# [SOLVED] problem z sypiącym się Firefox-em 3.5

## TommyV6

Witam, 

mam mały problem z Firefox-em, zaczęły się od wersji 3.0.9 firefox zaczął się sypać w bliżej nieokreślonych okolicznościach. 

Gdy zainstalowałem wersję 3.0.10 nie chciał nawet odpalić od razu "segmentował". Kasowanie .mozilla pozwalało go odpalić ale tylko 

jeden raz.

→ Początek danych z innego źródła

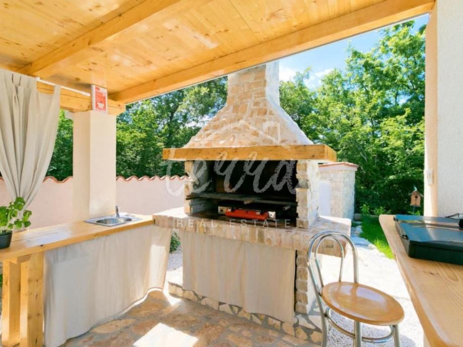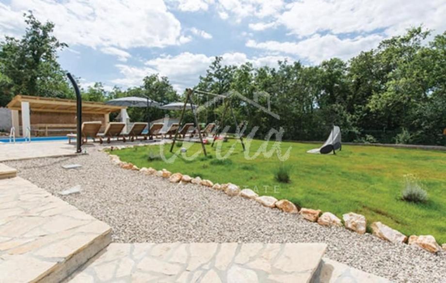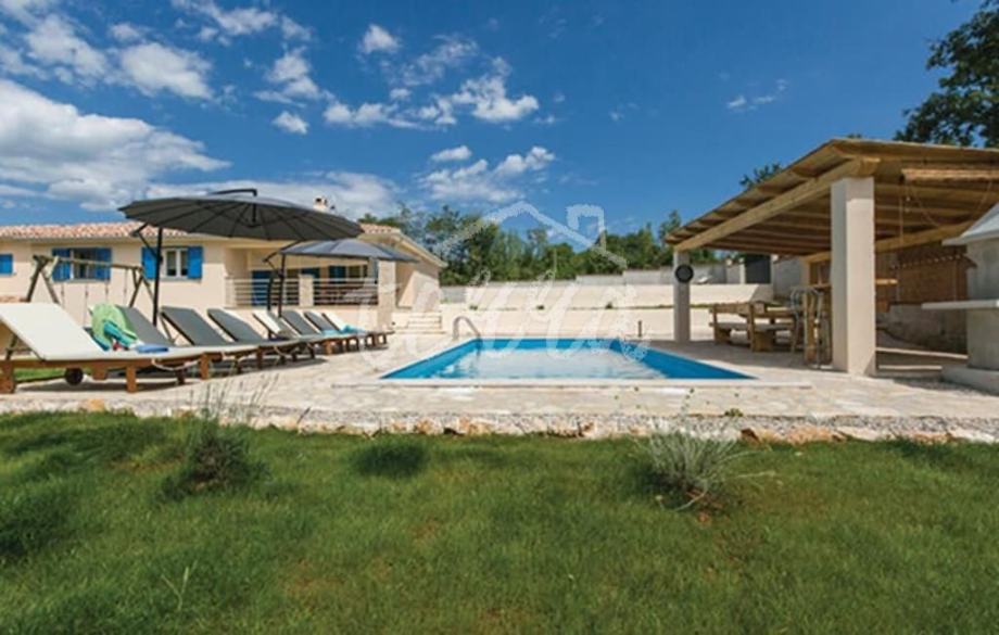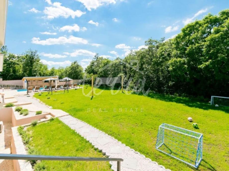 Na velikoj okućnici koja je besprijekorno uređena, nalazi se bazen sa sunčalištem, sjenica sa potpuno uređenom kuhinjom i roštiljem, te stolni tenis, badminton i teren za odbojku.

Każda kolejna próba kończy się porażką (Naruszenie ochrony pamięci) 

Wersja 3.5 działa prawie normalnie, ale gdy klikam na przyciski np. "DELETE" na flickr.com aby wykasować wiadomość fx się wysypuje. 

Emerg-uje go z lub bez jakichkolwiek flag USE próbowałem z custom-optimization i CFLAGS="-O0" oraz "-O2 -march=i686" efekty są identyczne. 

Próbowałem: make -j1  

Kompilacja nie robi problemów zero błędów, niestety nie ma też błędów przy crash-u firefox.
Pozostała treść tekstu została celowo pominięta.